После высыхания нанесенная сероватая жижа светлела и приобретала ярко-белый окрас, очень чистый и свежий. Скорее всего, эта традиция пошла от необходимости защитить кору ещё не проснувшегося дерева от ожогов жарких весенних лучей. Но это нужно было делать месяцем ранее, а не к празднику. И ко всему прочему, покраска бордюров не вписывалась ни в одно логичное объяснение. Красился в белое любой бортик, выступающий из земли, будь то бордюр дороги или поребрик клумбы или дерева. Для того чтобы объяснить абсурдность происходящего, стоит рассказать, что эти торчащие из земли конструкции не имеют ничего общего с нормальными деталями парка или дороги. Если мы говорим о бордюре, то это не ровненькая кромка дороги, уходящая вдаль, как рисует привычное воображение. На самом деле бордюр дороги там – это криво положенные бетонные выступы, с обгрызенными краями, зачастую рассыпавшиеся камешками гравия, а иногда просто уходящие одной стороной под землю. А сверху такая конструкция присыпана грязным песком, спасавшим автомобили ото льда всю зиму.
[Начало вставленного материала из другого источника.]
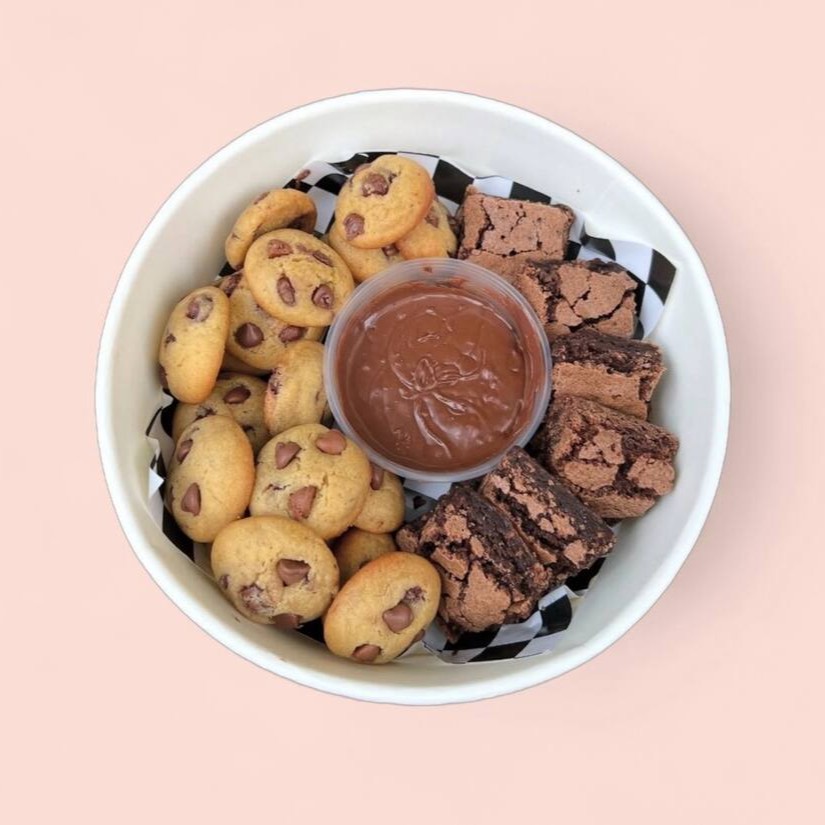 20 mini cookies de baunilha com gotas de chocolate + 7 mini brownies super macios + potinho de creme a sua escolha cremosa para mergulhar.

И вот пришла весна, и люди в ярких жилетах сметают как могут грязь с этих шедевров архитектуры и красят выступ в белый цвет, который продержится на поверхности не больше пары дней, максимум неделю. Там, где нет бордюра, красится предполагаемое место его размещения, прям по земле, ведь нарушение белых линий не должно вызвать ощущение отсутствия праздника. Я даже не знаю, что должен испытывать человек, правильно оценивающий происходящее событие: жалость, уныние, может, немножко печаль. Но для всех людей вокруг белеющие кромки убогости предвещали праздник, на серые улицы выходило подобие красоты.
– А что это они взялись красить всё вокруг? – спросил я у Валентина, на что тот, удивленно на меня посмотрев, ответил:
–В смысле, что красить?! Так ведь праздники скоро!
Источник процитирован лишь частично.